Filosofia, ara!
- Type: Magazine
- Founded: December 2015
- Language: Catalan
- ISSN: 2462-3865
- Website: filoara.cat

= Filosofia, ara! =

Catalan academic Journal of philosophy

Filosofia, ara! is a Catalan academic Journal of philosophy

== Description ==
Filosofia, ara! was founded in December 2015 in Catalonia. The Magazine is coordinated by Xavier Serra Besalú and Anna Sarsanedas Darnés, and draws inspiration from the publications Philosophie Magazine and Philosophy Now. It is published twice a year, and it aims primarily at high-school, university and post-university students, teachers, and other people interested in philosophy. The first issue was dedicated to the philosophers included in the syllabus of the History of Philosophy Exam of the Catalan University Entrance Exam in 2015 (Plato, René Descartes, John Locke, John Stuart Mill and Friedrich Nietzsche).

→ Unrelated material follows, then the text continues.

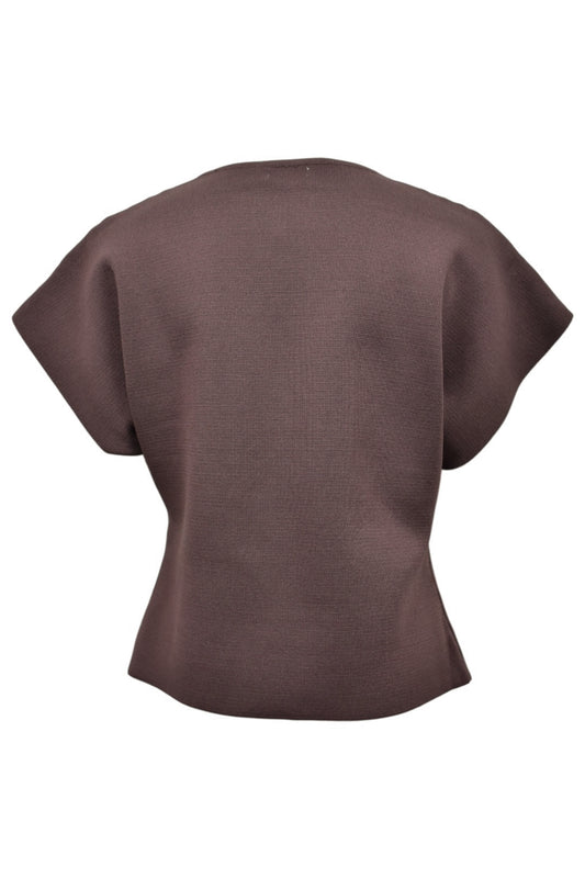 Brown Gold Button Gathered Shoulder Sweatshirt

Each issue of the magazine includes a number of articles dedicated to a specific topic. It also includes other sections with general articles, reviews, documentation, translations, accounts of successful educational experiences, an area devoted to young authors (the student's balcony), and a back cover that illustrates the vitality of philosophy in Catalonia.